Conway’s Game of Life#
The Game of Life is a two-dimensional, binary, and totalistic, cellular automaton meant to represent a simple model of population dynamics. The totalistic rulebook consists of four rules:
Live cells die in underdeveloped neighborhoods with fewer than two live neighbors.
Live cells die in overpopulated neighborhoods with more than three live neighbors.
Live cells in any other neighborhoods keep on living.
Dead cells come back by reproduction only if they have exactly three live neighbors.
We first need to create a grid and assign the state 1 to any live cell and 0 to any dead cell. To apply the rulebook, we thus need to count live cells in our neighborhoods but also distinguish the state of the current cell. With a Moore neighborhood consisting of 8 neighbors, we can assign a weight of 1 to all neighbors such that the number of live neighbors will be between 0 and 8. We can then assign a weight of 10 to the center cell such that a dead cell with 5 live neighbors would correspond to rule 5 but a live cell with the same neighborhood would correspond to rule 15. Importantly, the rulebooks for dead and live cells do not overlap. The first covers rule 0 through 8 (potential numbers of live neighbors) and the other 10 through 18. This is simpler than a full encoding of the neighborhood as a binary number since we do not need to distinguish neighbors, only the central cell and its neighbors.

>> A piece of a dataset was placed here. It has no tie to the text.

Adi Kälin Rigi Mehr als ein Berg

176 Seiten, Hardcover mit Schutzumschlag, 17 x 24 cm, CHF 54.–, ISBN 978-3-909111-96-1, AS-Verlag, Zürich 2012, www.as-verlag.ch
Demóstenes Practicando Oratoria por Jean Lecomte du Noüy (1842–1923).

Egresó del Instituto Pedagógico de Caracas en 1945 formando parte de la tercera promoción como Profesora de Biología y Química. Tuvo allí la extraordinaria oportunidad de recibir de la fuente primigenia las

Here is a simple example implementing this smart rulebook-neighborhood pair as a kernel and using convolution to run the model.
%matplotlib notebook
import numpy as np
from scipy.ndimage import convolve
import matplotlib.pyplot as plt
from matplotlib.animation import FuncAnimation
from matplotlib.animation import PillowWriter
from IPython.display import HTML
plt.rcParams["animation.html"] = "jshtml"

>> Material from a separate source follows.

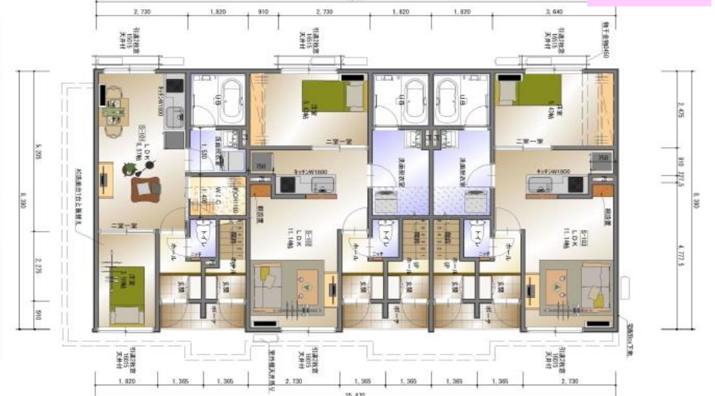
101号室 102号室 103号室 1階平面図

○完成前につき先行申込をされる場合は完成後に必ずご内覧をお願いいたします。 物件資料・概要と内容が異なる場合がございます。現況と優先となります。 ○ご内覧をせずにお申込をされる場合は、お客様の自己責任となります。雰囲気 が違った、想像していたものと違ったとの理由での申込、契約のキャンセルは 不可です。 ○駐車場については都度ご相談ください。
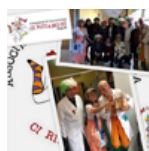
Ci ridiamo su di Ragusa

#random initial conditions
life = np.random.randint(2, size=(200, 200))
#kernel to sum 8 neighbors with center value counting center state
kernel = np.array([[1, 1, 1],
[1, 10, 1],
[1, 1, 1]])
#rulebook based on number of active neighbors and center state
table = np.zeros(20, dtype=np.uint8)
table[[3, 12, 13]] = 1
#initialize figure
fig, ax= plt.subplots(figsize=(6,6))
im = ax.imshow(life)
#animation function
def animate(i):
life=im.get_array()
#We use fixed boundary conditions with dead cells beyond our space
#mode='wrap' would consider periodic boundary conditions
life = convolve(life, kernel, mode='constant', cval=0)
im.set_array(table[life])
return [im]
#animation details
fps = 30
anim = FuncAnimation(fig,animate,frames=10*fps,interval=1000/fps)
anim.save('gol.gif', dpi=90)
MovieWriter ffmpeg unavailable; using Pillow instead.